I don't remember that post.
Okay, now that the joke is over, I seriously don't remember it. It's not beyond the realm of possibility that I've forgotten it, but perhaps I just didn't see it. Do you have a link that I could use to read it?
A conversation in another thread started me thinking about the excellent flurry of recent scholarship in D&D, and, more importantly, why I write the posts that I do- and why I write them in the way that I write them. Because, of course, in the end it's always about me! To start with, I always...
www.enworld.org
Yep! I've made that point countless times and agreed with you making that point countless others, because it seems to need to be made a lot around here.
Nothing in the dragon Sage Advice was a rule, though. It's all just advice on how the author of the article would rule it. In the case of the Bard there's no rule that says to ignore the prior classes or rules that were gained using the The Character With Two Classes rules. Those rules allow you to wear weapons and armor not permitted by your prior class once you pass the prior class level. It even gives the example of a magic user/fighter being able to use, but not cast spells in, plate mail.
The bard rules allow the two class limit to be broken, since it clearly has you go from fighter to thief to bard, but there's no other exception written down. The Sage Advice is the author adding something to the bard rules via a non-rule ruling. Once the bard is higher level than the fighter, per the written rules in the PHB the bard should be able to use fighter arms and armor, though since he casts as a druid any metal armor other than magical chain would negate all his bardic magical abilities.

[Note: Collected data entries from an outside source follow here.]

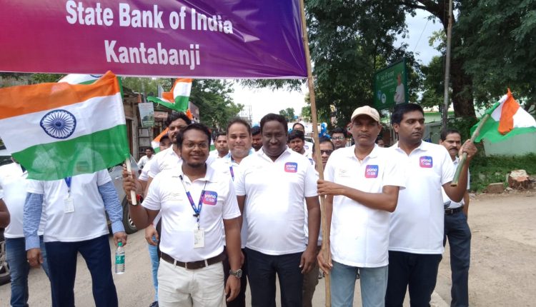 କଣ୍ଟାବାଞ୍ଜି : ସ୍ୱାଧୀନତାର ୭୫ ବର୍ଷ ପୂର୍ତ୍ତି ଓ ଆଜାଦି କା ଅମୃତ ମହୋତ୍ସବ ଅଗଷ୍ଟ ମାସ ୧୩ ରୁ ୧୫ ଚାଲିଥିବା ହର ହର ତ୍ରିରଙ୍ଗା ଘର ଘର ତ୍ରିରଙ୍ଗା ନାରାକୁ ରାଲି ମାଧ୍ୟମରେ ଜନ ସଗେତନତା କରିଛନ୍ତି କଣ୍ଟାବାଞ୍ଜି ଏସବିଆଇ ମୁଖ୍ୟ ଓ ସହାୟକ ଶାଖା ସମୂହ, ଏସବିଆଇ ଲୋଗୋ ରହିଥିବା ବ୍ୟାନର, ହାତରେ ତ୍ରିରଙ୍ଗା ଧରି ଭାରତ ମାତା କି ଜୟ, ବନ୍ଦେମାତରମ ଜୟ ସ୍ୱରରେ ମୁଖ୍ୟ ଶାଖାରୁ ଆରମ୍ଭ ହୋଇ ସହର ପରିକ୍ରମା କରି ଜନସଚେତନତା ପ୍ରଦାନ କରାଯାଇଥିଲା ।
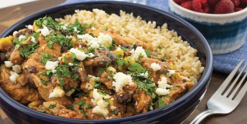 4. Servir sobre el arroz con queso y ci- lantro encima.
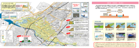 최근 기록적인 호우가 빈발하여 시급한 침수대책이 필요한 지금, 일어날 침수를 미연에 방지하는 대책과 동시에 침수피해를 최소한으로 억제하기 위한 소프트대책의 정비도 진행되고 있습니다. 하수도의 우수배수능력을 초과하는 강우가 생길 경우, 침수가 발생할 위험성이 있는 구역에 대해서 내수해석을 실시하여, 이 결과를 기초로 피난경로, 피난장소, 정보전달 방법 등의 정보를 이용하여 지역주민을 위한 내수 해저드맵을 작성합니다. 또한 내수 해저드맵과 기존의 홍수 해저드맵을 통합한 해저드맵을 작성합니다.
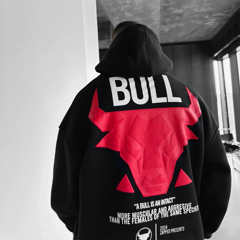 Make a bold and powerful statement with this Men’s Black Bull Graphic Hoodie, designed for modern streetwear enthusiasts. Featuring a large 3D bull emblem and bold “BULL” lettering on the back, this hoodie blends standout visual impact with everyday comfort. Perfect for casual wear, gym fits, airport looks, and urban street style.
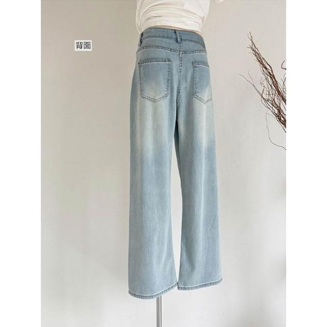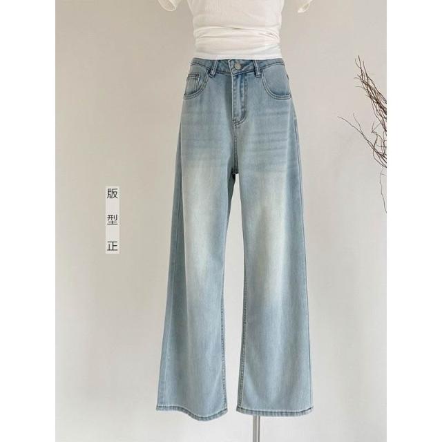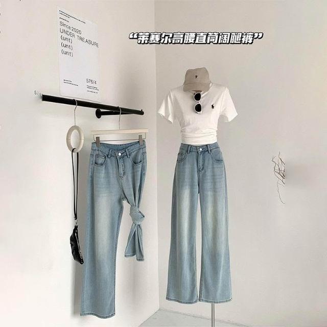 贝贝嚴選萊賽爾涼感淺藍闊腿牛仔褲女2026年春夏新款軟牛仔高腰寬鬆直筒褲
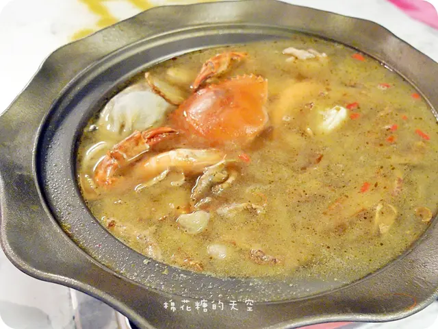 就是這一鍋啦!全台灣首創“紅蟳燒酒雞”!燒酒雞本來就是冬季必吃~那兩蚵把拿手的海鮮食材放進燒酒雞裡,讓湯頭整個更甜美!敏敏這個人肉味精探測器喝過了應該是沒有問題~看看這一整隻的紅蟳!整個不惜成本的啦~冬季限定喔!大家可要把握機會上山來吃好料唷!

What the rules say is that the bard always fights as a fighter, which kinda gimps the bard since a 23rd level druid probably(I'm not going to check) fights better than a 5th-7th level fighter, but that doesn't mean that the other rules regarding the fighter levels in The Character With Two Classes don't apply.
I am not going to belabor the point, since I recall you .... well, let's say I have an otherworldly recollection of
disintegrate v. wildshape.
That said, the "two-class" rule has
no relevance once you become a Bard. Why? Because it doesn't.
The Character with Two Classes is a rule for
exactly that, the character with two classes. While it applies when you are "pre-Bard," by definition it cannot apply when you are a Bard, because
you are no longer a character with two classes. By the express terms of the rule, it is about "attain[ing] the second class[.]"
On the other hand, the Bard "
class subsumes the functions of two other classes, fighters and thieves, and tops them off with magical abilities." Moreover, after doing completing the "two class" requirement, "
bards must leave off thieving and begin clerical studies as druids; but at this time they are actually bards and under druidical tutelage."
They do not follow
any rules from the two-class character; instead, they have all of their own rules.
Finally, and one more time- Sage Advice (especially from Dragon 42 on) was reserved for rules questions that were to be answered in an official capacity. That doesn't mean that they are always perfect ....
just like the rules in the PHB and the DMG are not always perfect ... but they are as "official" as you can get.
And now I'm done. You are welcome to tilt at whatever quixotic windmills you wish, but please do so with another person.